With a password that has the same entropy as 10 random digits, assuming no further vulnerabilities allowing them to speed up the process, it could take up to 12 and a half years to brute force it. Make it alphanumeric (and still random) and it’s millions of years - infeasible within our lifetime - it’s basically a question of whether another vulnerability is already known or is discovered that enables bypassing the password entirely / much faster rates of entry.
If you’re in a situation where you expect to interact with law enforcement, then disable biometrics. Practice ahead of time to make sure you know how to do it on your phone.

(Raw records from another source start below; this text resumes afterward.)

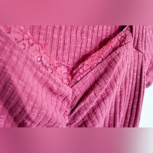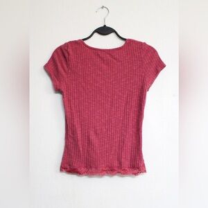 Pink ruched top with short sleeves and lace. Size medium. Hardly worn.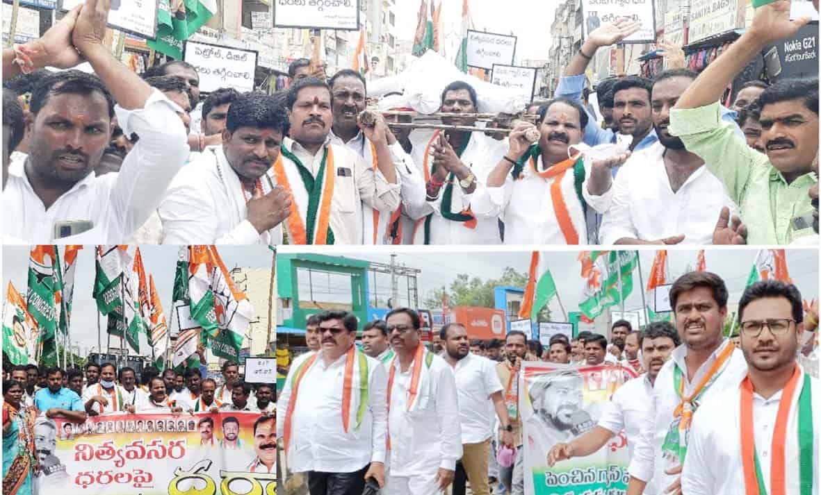 کاماریڈی میں کانگریس کا احتجاج، وزیر اعظم کا پتلہ نذر آتش، سابق ریاستی وزیر محمد علی شبیر کا خطابکاماریڈی ۔ اشیائے ضروریہ کی قیمتوں میں اضافہ کیخلاف آج کل ہند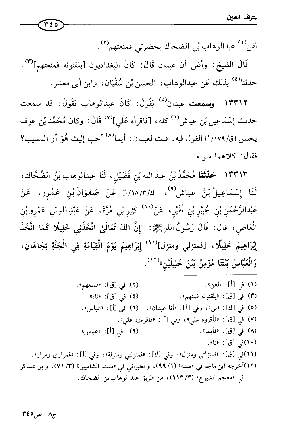 13313 - حَدثنا مُحمد بن عُبيد (1) الله بن فضيل، حَدثنا عَبد الوهاب بن الضحاك، حَدثنا إسماعيل بن عياش، عن صفوان بن عَمرو، عن عَبد الرحمن بن جُبَير بن نفير، عن كثير بن مرة، عن عَبد الله بن عَمرو بن العاص، قال: قال رسول الله صَلى الله عَليه وسَلم: إِنّ الله تعالى اتخذني خليلا، كما اتخذ إبراهيم خليلا، فمنزلي ومنزل إبراهيم يوم القيامة في الجنة تجاهان، والعباس بيننا مؤمن بين خليلين.

Yep. On Android there’s also a Lockdown mode that you can enter through the power menu when you need to turn off biometrics for the next unlock. Set a strong password. Use biometrics when you need to keep out a casual intruder, and password when you need to keep out a major intruder.
100%.
If you’re always concerned about sophisticated attackers, then you should also:
- Disable biometrics unlock whenever your device is about to leave your possession or you’re going to sleep
- Protect against shoulder-surfing / surveillance attacks that can capture you entering your password, e.g., by being aware of your surroundings and only entering your password or viewing sensitive information when you‘re certain your screen (and thumb locations) can’t be observed or by obscuring a view of your phone with your shirt or a blanket (like Snowden)
- Take the time to learn more about security in general and in relation to the specific threats that concern you
Also, don’t use regular passwords with random letters and numbers, they are really hard to remember and easier to crack if the password isn’t complex enough. Instead, use a passphrase with at least 5 words.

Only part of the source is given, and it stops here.